CompVis / zigma

A PyTorch implementation of the paper "ZigMa: A DiT-Style Mamba-based Diffusion Model" (ECCV 2024)
https://taohu.me/zigma
Apache License 2.0
281 stars 19 forks source link

Taking making inputs from multiple directions #18

Closed EndingCredits closed 2 months ago

EndingCredits commented 3 months ago

Rather than a purely sequential scan through the patches, I feel it would make more sense to use take inputs from multiple patches at once. Obviously you are limited in that you can induce any cyclic dependencies, but you can very easily take inputs from two neighbouring patches (e.g. directly to left and above) at once. See image.

example of the two approaches

Obviously you have the issue that this is directional, but you can just do the same idea as you did with the sequential and run four separate scans, starting from a different corner each time.

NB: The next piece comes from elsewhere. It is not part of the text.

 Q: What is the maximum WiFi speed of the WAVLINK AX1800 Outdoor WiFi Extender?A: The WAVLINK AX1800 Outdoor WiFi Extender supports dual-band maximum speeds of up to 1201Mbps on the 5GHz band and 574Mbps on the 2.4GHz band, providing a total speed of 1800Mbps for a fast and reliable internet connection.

I feel like this has a number of advantages:

The onyl downside is incorporating inputs from two inputs, which is not standard Mamba practice, but architecturally this should not be difficult to implement.

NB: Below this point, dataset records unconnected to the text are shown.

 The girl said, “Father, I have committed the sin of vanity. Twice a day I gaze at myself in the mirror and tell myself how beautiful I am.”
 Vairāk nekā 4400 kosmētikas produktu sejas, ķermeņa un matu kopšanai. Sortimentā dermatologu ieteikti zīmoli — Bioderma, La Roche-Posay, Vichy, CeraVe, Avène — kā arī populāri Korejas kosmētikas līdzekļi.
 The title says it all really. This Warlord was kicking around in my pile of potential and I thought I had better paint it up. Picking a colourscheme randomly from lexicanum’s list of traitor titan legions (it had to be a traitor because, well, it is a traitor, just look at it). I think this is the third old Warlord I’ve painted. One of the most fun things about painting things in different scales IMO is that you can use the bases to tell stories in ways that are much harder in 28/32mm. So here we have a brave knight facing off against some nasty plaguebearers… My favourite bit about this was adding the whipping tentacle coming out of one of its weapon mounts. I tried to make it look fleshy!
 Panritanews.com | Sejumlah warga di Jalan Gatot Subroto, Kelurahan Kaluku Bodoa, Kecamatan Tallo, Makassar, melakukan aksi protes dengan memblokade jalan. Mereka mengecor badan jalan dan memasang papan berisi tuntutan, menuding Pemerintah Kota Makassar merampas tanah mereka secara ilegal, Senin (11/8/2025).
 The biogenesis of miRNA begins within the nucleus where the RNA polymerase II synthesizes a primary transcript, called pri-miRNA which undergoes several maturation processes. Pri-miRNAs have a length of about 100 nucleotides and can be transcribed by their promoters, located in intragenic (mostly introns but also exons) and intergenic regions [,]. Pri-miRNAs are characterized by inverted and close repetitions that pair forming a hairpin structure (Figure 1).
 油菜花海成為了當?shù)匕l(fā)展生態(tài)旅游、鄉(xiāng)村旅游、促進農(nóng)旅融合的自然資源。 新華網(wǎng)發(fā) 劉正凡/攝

If multiple inputs is unwanted, I'd also be very interested to see the result of just processing stuff in multiple parallel (disjoint) lines in each direction. Obviously this has issues that there is no direct dependency between any two patches, but I think that is resolved by using multiple layers.

What do you think?

dongzhuoyao commented 3 months ago

hi, I think your idea intuitively makes sense,

but I cannot see a clear way to tackle the downside you mentioned "The onyl downside is incorporating inputs from two inputs, which is not standard Mamba practice, but architecturally this should not be difficult to implement." as mamba only supports uni-dimension token data by default.